Before you write out the listing, remove the pictures; everything else stays exactly as it is.

*** Data shown Section Begins ***

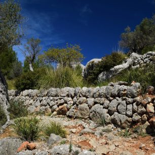 Turistické značení občas odbíhalo z asfaltky na starou kamenitou stezku. Na svazích tu rostou olivovníky a pasou se ovce. Zvuk jejich bečení, který se jako ozvěna odráželo od skal, mi připomněl pohádku Třetí princ. Chyběl už jen Pavel Trávníček a Libuška Šafránková. Na několika místech ve svahu kolem silnice je možné si všimnout malých prohlubní, kde právě ony ovce běžně odpočívají.
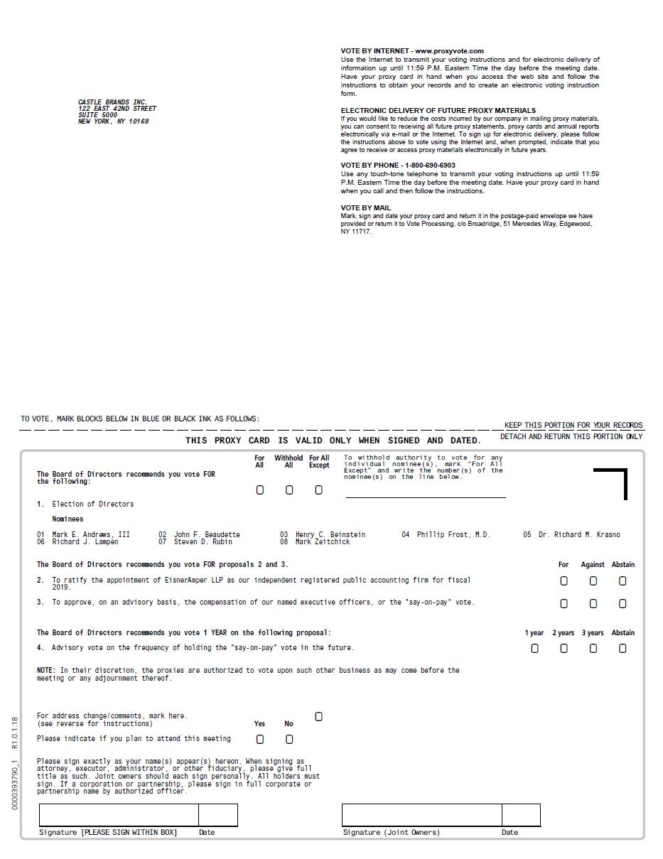 If you need directions to the location of the meeting, please contact our Investor Relations Department by: (a) mail at Castle Brands Inc., Attention: Investor Relations, 122 East 42nd Street, Suite 5000, New York, New York 10168, (b) telephone at (646) 356-0200 or (c) e-mail at ir@castlebrandsinc.com.
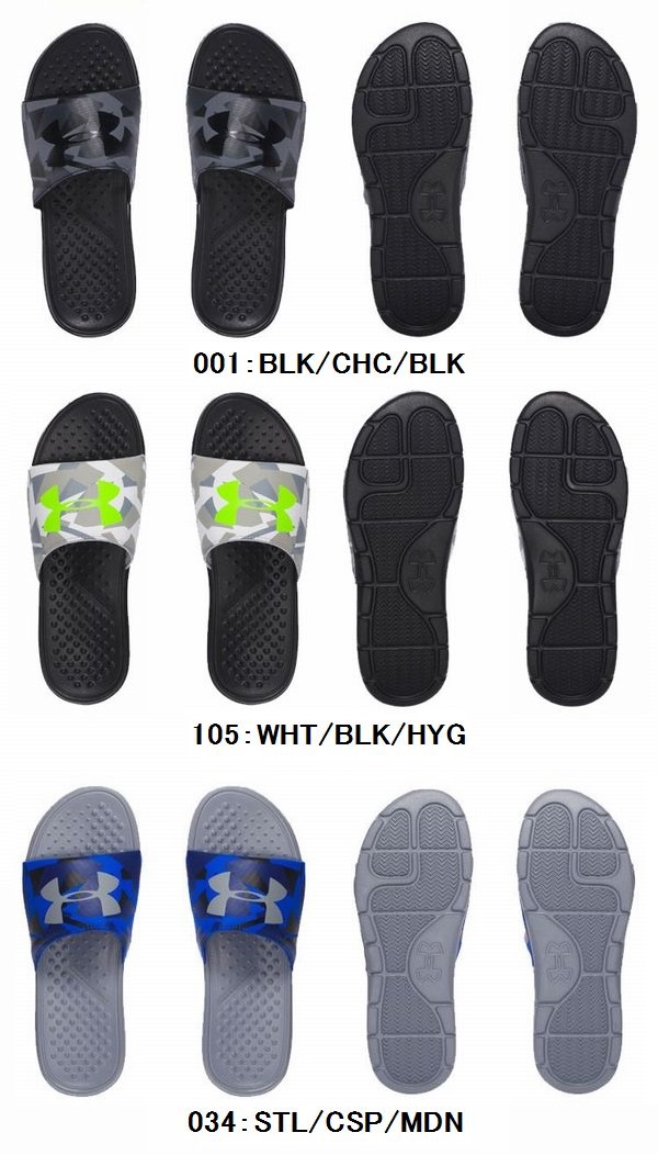 アンダーアーマー(UNDER ARMOUR) サンダル UA M STRIKE SPLICE SL 品番:1287404 カラー 001:BLK/CHC/BLK(ブラック/チャコール/ブラック) 105:WHT/BLK/HYG(ホワイト/ブラック/ハイパーグリーン) 034:STL/CSP/MDN(スティール/カスピアン/ミッドナイトネイビー) サイズ:25.0〜30.0cm 素材 甲材:人工皮革 底材:合成樹脂
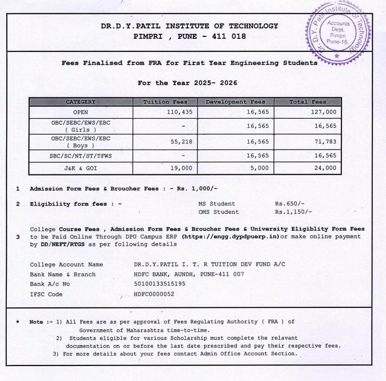 Dr. D.Y. Patil Vidya Pratishthan Society's Pune BE Mechanical Engineering fees in first year is ₹ 1.04 Lakhs. The detailed fees is mentioned below.Dr. D.Y. Patil Vidya Pratishthan Society's Pune offers a total of 180 seats for BE Mechanical Engineering.
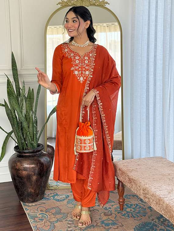- Find gorgeous sets of ethnic wears in trending designs in rust colors suitable for festive wear of occasions.
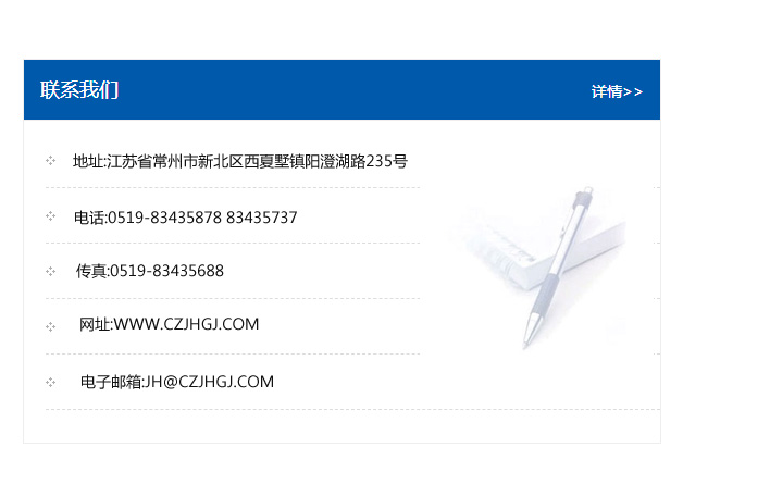 地址:常州市新北區友邦商務大廈1幢16、17層  電話:0519-85101652  傳真:0519-85112595  郵編:213022  網址:www.cz-jiayue_cn.024gls.com  郵箱:xiajifengaa@163.com
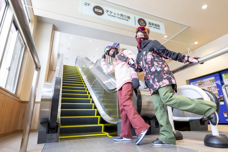 駐車場からゲレンデへは、センターステーションにあるエスカレーターでアクセスできるので楽々!
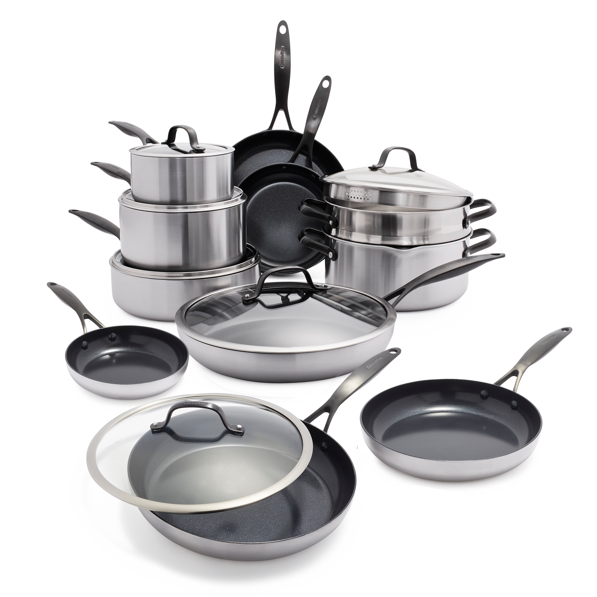 Deze collectie is een topper in je keuken! Het drielaags materiaal zorgt voor een optimale warmtegeleiding. Het roestvrij staal werd behandeld met onze Evershine™ technologie, waardoor je pannen miander snel verkleuren en langer mooi blijven. Extra eyecatcher: de matzwarte roestvrijstalen handgrepen.
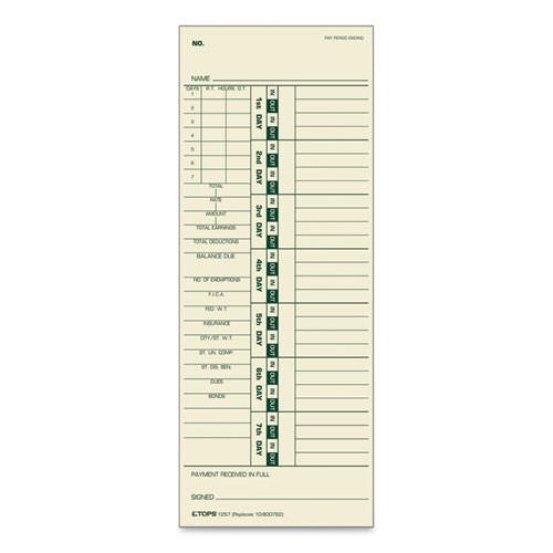 | Special Features: | Manila Stock Printed Green on Front-With area to calculate regular hours, extra hours, deductions, gross and net pay per week. Prints red on back. |
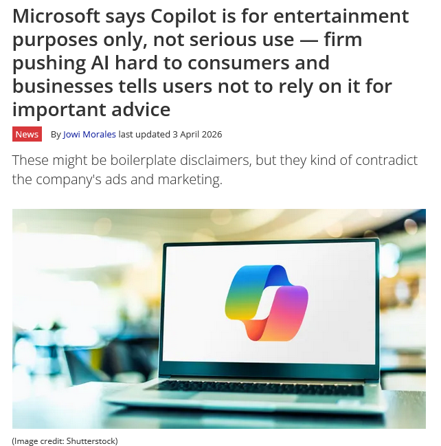https://www.tomshardware.com/tech-industry/artificial-intelligence/microsoft-says-copilot-is-for-entertainment-purposes-only-not-serious-use-firm-pushing-ai-hard-to-consumers-tells-users-not-to-rely-on-it-for-important-advice
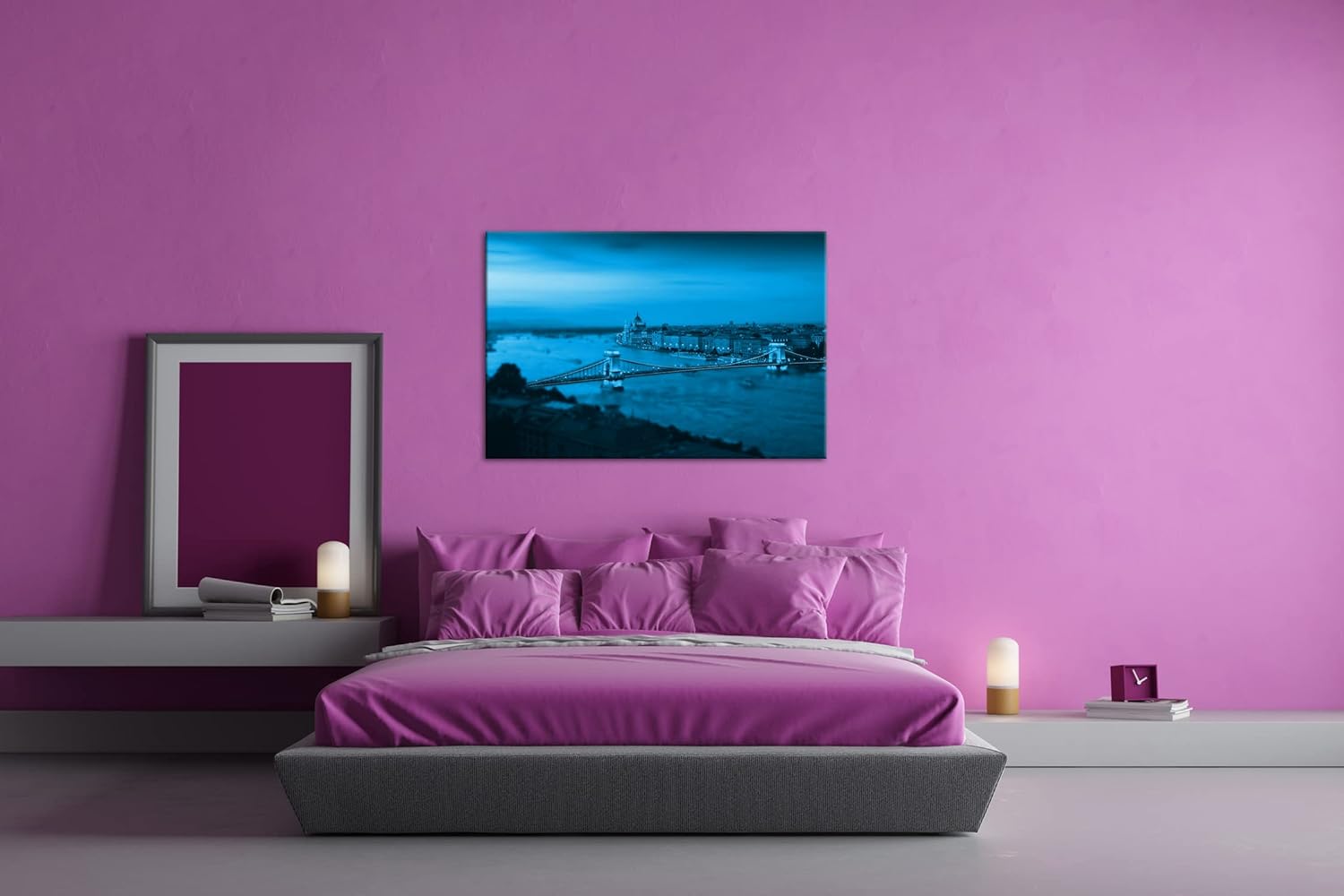 deyoli Budapest bei Abenddämmerung Format: 80x60 Effekt: Monocrome Blau als Leinwand, Motiv fertig g
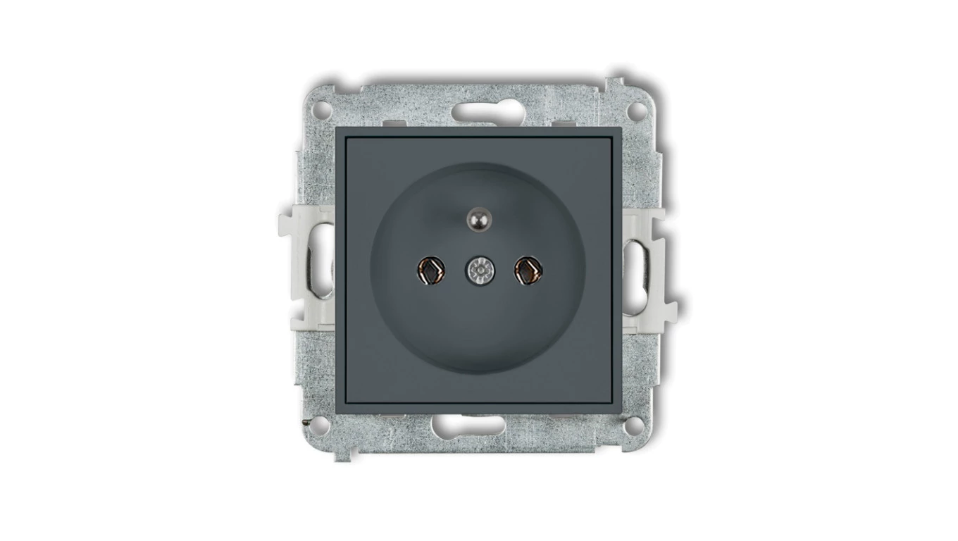MINI Mechanizm gniazda pojedynczego z uziemieniem 2P+Z (bez przesłon torów prądowych) grafitowy mat 28MGP-1z
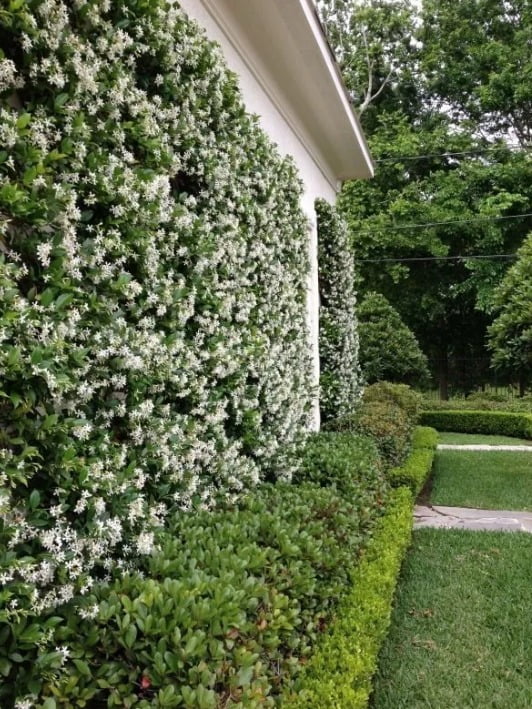 Planta trepadora con flores blancas fragantes; ideal para pérgolas, enrejados y jardines aromáticos.

*** Data shown Section Ends ***

> _Response to this task_:
 Turistické značení občas odbíhalo z asfaltky na starou kamenitou stezku. Na svazích tu rostou olivovníky a pasou se ovce. Zvuk jejich bečení, který se jako ozvěna odráželo od skal, mi připomněl pohádku Třetí princ. Chyběl už jen Pavel Trávníček a Libuška Šafránková. Na několika místech ve svahu kolem silnice je možné si všimnout malých prohlubní, kde právě ony ovce běžně odpočívají.
 If you need directions to the location of the meeting, please contact our Investor Relations Department by: (a) mail at Castle Brands Inc., Attention: Investor Relations, 122 East 42nd Street, Suite 5000, New York, New York 10168, (b) telephone at (646) 356-0200 or (c) e-mail at ir@castlebrandsinc.com.
 アンダーアーマー(UNDER ARMOUR) サンダル UA M STRIKE SPLICE SL 品番:1287404 カラー 001:BLK/CHC/BLK(ブラック/チャコール/ブラック) 105:WHT/BLK/HYG(ホワイト/ブラック/ハイパーグリーン) 034:STL/CSP/MDN(スティール/カスピアン/ミッドナイトネイビー) サイズ:25.0〜30.0cm 素材 甲材:人工皮革 底材:合成樹脂
 Dr. D.Y. Patil Vidya Pratishthan Society's Pune BE Mechanical Engineering fees in first year is ₹ 1.04 Lakhs. The detailed fees is mentioned below.Dr. D.Y. Patil Vidya Pratishthan Society's Pune offers a total of 180 seats for BE Mechanical Engineering.
- Find gorgeous sets of ethnic wears in trending designs in rust colors suitable for festive wear of occasions.
 地址:常州市新北區友邦商務大廈1幢16、17層  電話:0519-85101652  傳真:0519-85112595  郵編:213022  網址:www.cz-jiayue_cn.024gls.com  郵箱:xiajifengaa@163.com
 駐車場からゲレンデへは、センターステーションにあるエスカレーターでアクセスできるので楽々!
 Deze collectie is een topper in je keuken! Het drielaags materiaal zorgt voor een optimale warmtegeleiding. Het roestvrij staal werd behandeld met onze Evershine™ technologie, waardoor je pannen miander snel verkleuren en langer mooi blijven. Extra eyecatcher: de matzwarte roestvrijstalen handgrepen.
 | Special Features: | Manila Stock Printed Green on Front-With area to calculate regular hours, extra hours, deductions, gross and net pay per week. Prints red on back. |
https://www.tomshardware.com/tech-industry/artificial-intelligence/microsoft-says-copilot-is-for-entertainment-purposes-only-not-serious-use-firm-pushing-ai-hard-to-consumers-tells-users-not-to-rely-on-it-for-important-advice
 deyoli Budapest bei Abenddämmerung Format: 80x60 Effekt: Monocrome Blau als Leinwand, Motiv fertig g
MINI Mechanizm gniazda pojedynczego z uziemieniem 2P+Z (bez przesłon torów prądowych) grafitowy mat 28MGP-1z
 Planta trepadora con flores blancas fragantes; ideal para pérgolas, enrejados y jardines aromáticos.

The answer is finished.